## DATA SECTION
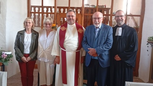 Zur Übergabe war eine kleine Delegation aus Ibbenbüren angereist. Ortspfarrer Stefan Kemper-Kohlhase ist gebürtiger Ibbenbürener und hatte die Übergabe der liturgischen Möbel von Westfalen in die Altmark in die Wege geleitet. Mit den beiden Ruhestandspfarrern Reinhard Paul und Andreas Finke gestaltete er einen abwechslungsreichen Gottesdienst. Am neuen Taufbecken fand auch sogleich eine Taufe statt.
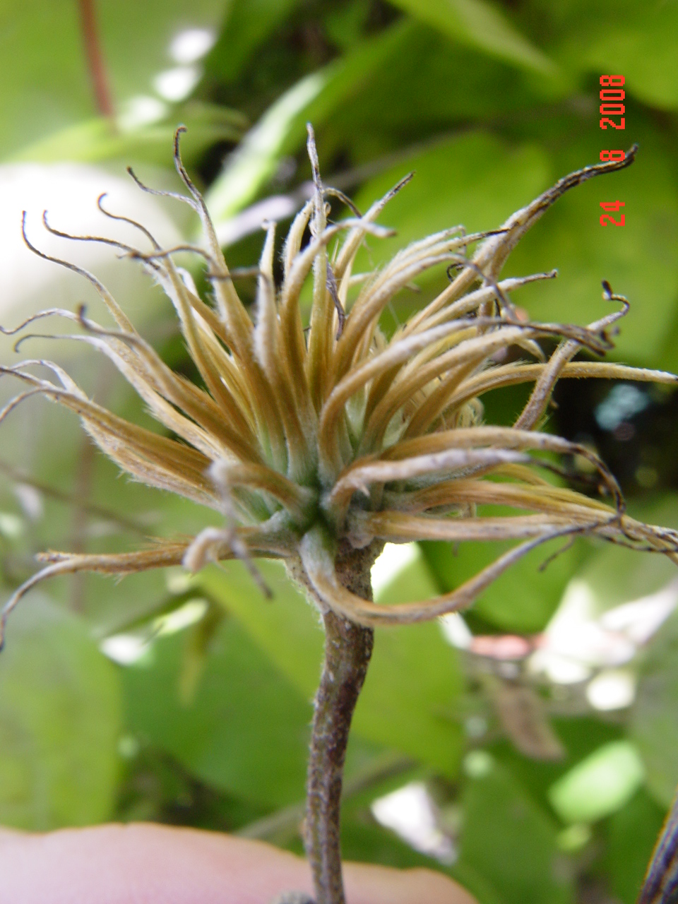 (Grown as) Clematis ochroleuca - seedling germinated by Bengt Sundström - seed from Gothenburg Botanic Garden. The seedling was kindly given to me by Bengt when he called at my greenhouse in March 2007. The plant and first flower:
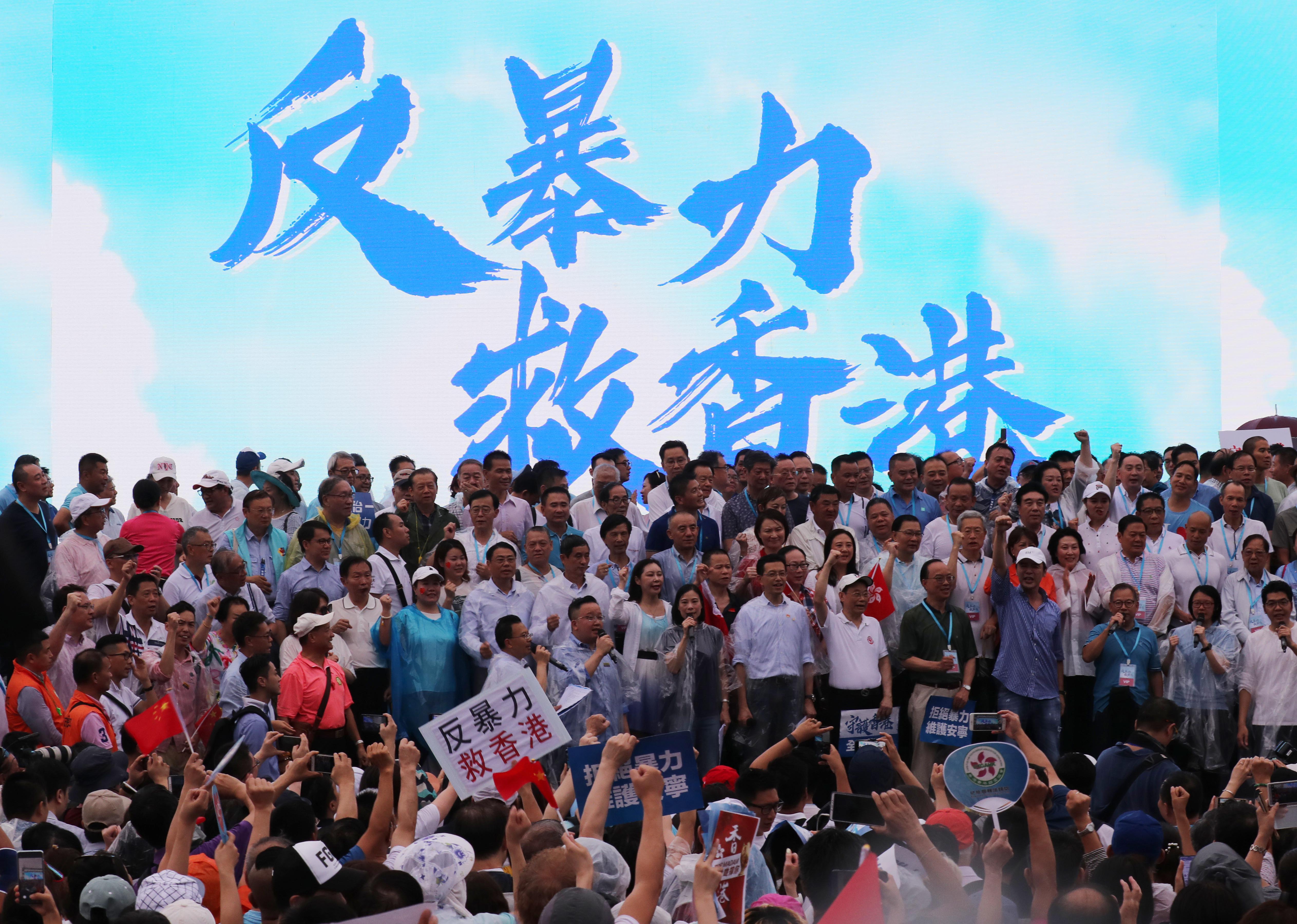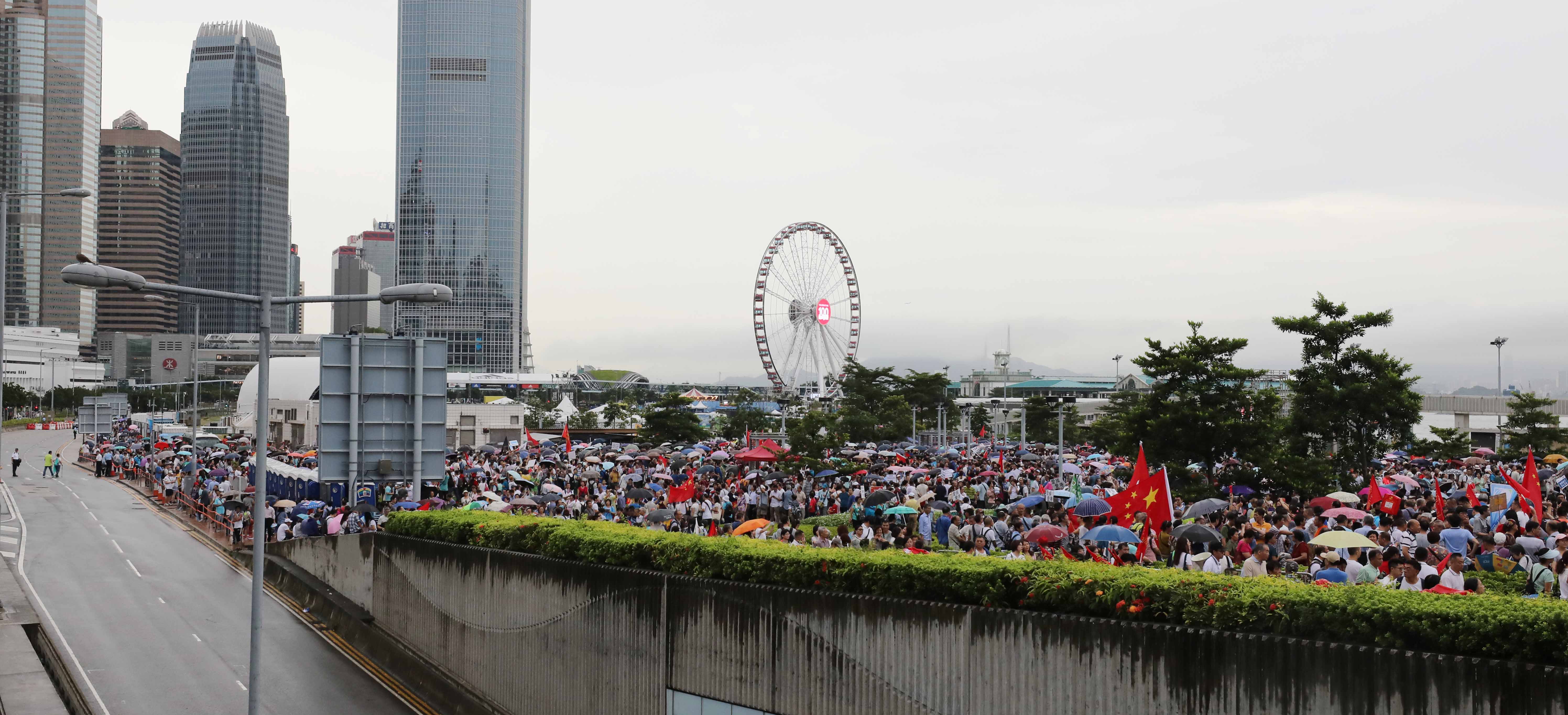 다음날 송환법(범죄인 인도법안)을 반대하는 대규모 시위취재를 앞두고 현지적응이라도 할 요량으로 오후에 예정된 집회현장에 가기로 했습니다. 먼저 간 곳은 홍콩정부와 경찰을 지지하는 집회 즉, 송환법을 반대하는 시위를 반대하는 집회입니다. 곳곳에 오성홍기가 나부꼈습니다. 뭔가 익숙한 ‘오성홍기부대.’ 참가자들은 "폭력을 멈추고 질서를 회복하자”는 등의 목소리를 높였습니다. 맞불집회인 셈이지요.

## WORK INSTRUCTIONS
Return the complete material exactly as it appears, without images.

## FINISHED TASK
 Zur Übergabe war eine kleine Delegation aus Ibbenbüren angereist. Ortspfarrer Stefan Kemper-Kohlhase ist gebürtiger Ibbenbürener und hatte die Übergabe der liturgischen Möbel von Westfalen in die Altmark in die Wege geleitet. Mit den beiden Ruhestandspfarrern Reinhard Paul und Andreas Finke gestaltete er einen abwechslungsreichen Gottesdienst. Am neuen Taufbecken fand auch sogleich eine Taufe statt.
 (Grown as) Clematis ochroleuca - seedling germinated by Bengt Sundström - seed from Gothenburg Botanic Garden. The seedling was kindly given to me by Bengt when he called at my greenhouse in March 2007. The plant and first flower:
 다음날 송환법(범죄인 인도법안)을 반대하는 대규모 시위취재를 앞두고 현지적응이라도 할 요량으로 오후에 예정된 집회현장에 가기로 했습니다. 먼저 간 곳은 홍콩정부와 경찰을 지지하는 집회 즉, 송환법을 반대하는 시위를 반대하는 집회입니다. 곳곳에 오성홍기가 나부꼈습니다. 뭔가 익숙한 ‘오성홍기부대.’ 참가자들은 "폭력을 멈추고 질서를 회복하자”는 등의 목소리를 높였습니다. 맞불집회인 셈이지요.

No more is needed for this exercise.